MongoDB for Data-Intensive Applications

MongoDB is scalable and schema-less NoSQL key-value storage, which makes it handy for applications to use as a persistent layer. The two features in this post views and change streams from MongoDB can turn your application into a full-fetched back-end engine for data-intensive applications.

Change Streams

Since MongoDB 3.6 you can use change streams to create event-driven applications for data processing. Whenever an update occurs in a specific collection, MongoDB triggers a change event with the modified data. With this functionality you can implement the design pattern change data capture (CDC) and other systems or applications can automatically consume the change in real time. This can be useful in a variety of scenarios, such as keeping a distributed cache up-to-date, triggering notifications, or synchronizing data across different systems.

One of the key benefits of using change streams is that they are integrated into MongoDB natively, so there is no need to set up a separate event processing engine or an orchestration tool. Additionally, change streams are scalable, so they can handle high volumes of updates without impacting performance.

A common way to run ETL jobs is through an orchestration tool, which triggers in a periodic cycle one task after the other and manages the dependencies. Like in the illustration below.

Orchestration with database

To replace such an idea with real-time processing would mean that every transformation script watches the collection of the previous step. So the dependencies are managed by MongoDB and the timing is instant. The data is written from one collection to another. To minimize the disk footprint only the derived or updated data is added to the output collection with a reference to the original document.

MongoDB change steam

If the transformation script fails, it needs to be restarted and resume its work. MongoDB does feature a resumability.

Views

MongoDB offers the same feature as in other SQL databases - views.

A MongoDB view is a read-only queryable object whose contents are defined by an aggregation pipeline on other collections or views. MongoDB does not persist the view contents to disk. A view’s content is computed on-demand when a client queries the view.

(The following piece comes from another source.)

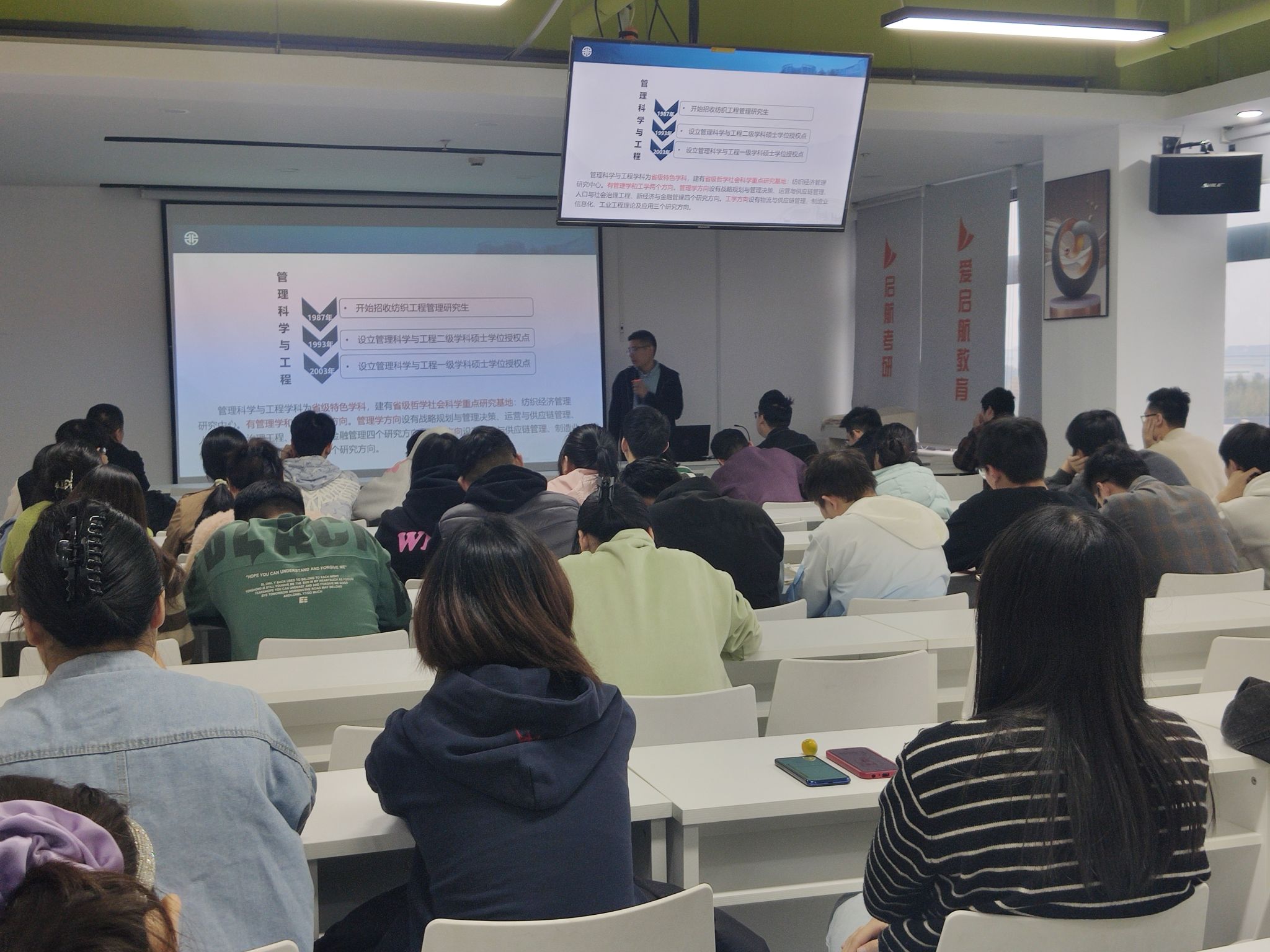 期间,公司研究生招生团队分三组先后前往济南启航考研培训基地、海浪教育集团、山西工商公司、高顿教育、铭途教育集训基地、宁波工程公司、浙江万里公司、宁波大学、浙大宁波理工公司、浙江工业大学开展了现场招生宣讲工作。并赴济南高新技术产业开发区、山西建设投资集团有限公司、天坤控股山西分公司等单位进行在职研究生教育招生宣讲。招生团队围绕公司和公司概况、团队队伍、教学特色、学科专业、软硬件环境等方面内容全面展示了公司的研究生教育优势和招生政策。此外,招生团队还与考生们进行了座谈,深入了解他们的需求和期待,针对员工们关心的报考专业、教学条件、就业前景等问题进行了耐心细致地解答,有效激发了员工们报考公司的热情。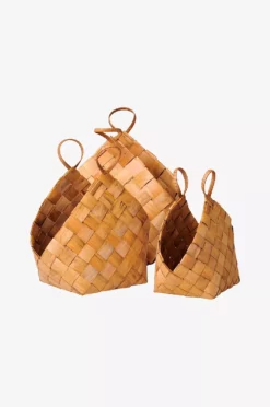 Flettede kurver i 3 deler av sypress. Mål: stor kurv 49×33, mellomste kurv 43×26 og liten kurv 37×18 cm. Høyde på alle 65 cm.

These facts make views helpful to hide joins from the main query or to derive computed fields on query time. Reporting or dashboarding have typically these needs. Instead of creating a read-only API, you provide a view.

Summary

In conclusion, MongoDB is a powerful NoSQL database that provides various features to support data-intensive applications. The change streams functionality enables real-time processing and event-driven applications without the need for external tools or engines. Views are also a useful tool for reporting and dashboarding purposes. Overall, MongoDB’s scalability and flexibility make it a great choice for modern data applications.